### TASK GOAL:
Repeat the material below exactly, line for line.

### RECORD EXTRACTS:
★ ★ ★ ★ ★ ★ ★

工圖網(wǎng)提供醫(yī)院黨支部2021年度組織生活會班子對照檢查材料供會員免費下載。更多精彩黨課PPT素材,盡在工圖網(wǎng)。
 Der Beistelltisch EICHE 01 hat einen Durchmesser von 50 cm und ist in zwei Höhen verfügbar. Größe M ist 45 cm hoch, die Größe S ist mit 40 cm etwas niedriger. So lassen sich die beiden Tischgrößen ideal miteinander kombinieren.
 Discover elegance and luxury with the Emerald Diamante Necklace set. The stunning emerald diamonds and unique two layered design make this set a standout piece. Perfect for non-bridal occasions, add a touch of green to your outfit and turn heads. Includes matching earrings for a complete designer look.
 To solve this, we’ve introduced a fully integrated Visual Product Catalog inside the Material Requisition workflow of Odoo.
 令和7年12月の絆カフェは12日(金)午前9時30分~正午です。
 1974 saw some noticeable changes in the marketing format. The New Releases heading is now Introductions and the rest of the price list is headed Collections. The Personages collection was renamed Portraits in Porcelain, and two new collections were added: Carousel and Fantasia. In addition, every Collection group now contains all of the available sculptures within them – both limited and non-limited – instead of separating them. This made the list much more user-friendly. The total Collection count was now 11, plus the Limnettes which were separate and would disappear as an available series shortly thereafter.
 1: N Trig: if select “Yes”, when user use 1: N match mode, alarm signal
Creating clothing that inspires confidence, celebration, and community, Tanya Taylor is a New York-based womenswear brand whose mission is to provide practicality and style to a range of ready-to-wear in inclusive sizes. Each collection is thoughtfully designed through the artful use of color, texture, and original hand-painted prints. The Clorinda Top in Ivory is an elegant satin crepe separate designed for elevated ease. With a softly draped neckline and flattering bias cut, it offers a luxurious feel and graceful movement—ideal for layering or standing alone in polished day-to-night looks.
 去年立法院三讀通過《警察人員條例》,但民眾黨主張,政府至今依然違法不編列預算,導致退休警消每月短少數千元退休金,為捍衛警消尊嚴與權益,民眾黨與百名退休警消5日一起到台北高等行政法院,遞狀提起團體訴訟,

★ ★ ★ ★ ★ ★ ★

### ANSWER BOX:
工圖網(wǎng)提供醫(yī)院黨支部2021年度組織生活會班子對照檢查材料供會員免費下載。更多精彩黨課PPT素材,盡在工圖網(wǎng)。
 Der Beistelltisch EICHE 01 hat einen Durchmesser von 50 cm und ist in zwei Höhen verfügbar. Größe M ist 45 cm hoch, die Größe S ist mit 40 cm etwas niedriger. So lassen sich die beiden Tischgrößen ideal miteinander kombinieren.
 Discover elegance and luxury with the Emerald Diamante Necklace set. The stunning emerald diamonds and unique two layered design make this set a standout piece. Perfect for non-bridal occasions, add a touch of green to your outfit and turn heads. Includes matching earrings for a complete designer look.
 To solve this, we’ve introduced a fully integrated Visual Product Catalog inside the Material Requisition workflow of Odoo.
 令和7年12月の絆カフェは12日(金)午前9時30分~正午です。
 1974 saw some noticeable changes in the marketing format. The New Releases heading is now Introductions and the rest of the price list is headed Collections. The Personages collection was renamed Portraits in Porcelain, and two new collections were added: Carousel and Fantasia. In addition, every Collection group now contains all of the available sculptures within them – both limited and non-limited – instead of separating them. This made the list much more user-friendly. The total Collection count was now 11, plus the Limnettes which were separate and would disappear as an available series shortly thereafter.
 1: N Trig: if select “Yes”, when user use 1: N match mode, alarm signal
Creating clothing that inspires confidence, celebration, and community, Tanya Taylor is a New York-based womenswear brand whose mission is to provide practicality and style to a range of ready-to-wear in inclusive sizes. Each collection is thoughtfully designed through the artful use of color, texture, and original hand-painted prints. The Clorinda Top in Ivory is an elegant satin crepe separate designed for elevated ease. With a softly draped neckline and flattering bias cut, it offers a luxurious feel and graceful movement—ideal for layering or standing alone in polished day-to-night looks.
 去年立法院三讀通過《警察人員條例》,但民眾黨主張,政府至今依然違法不編列預算,導致退休警消每月短少數千元退休金,為捍衛警消尊嚴與權益,民眾黨與百名退休警消5日一起到台北高等行政法院,遞狀提起團體訴訟,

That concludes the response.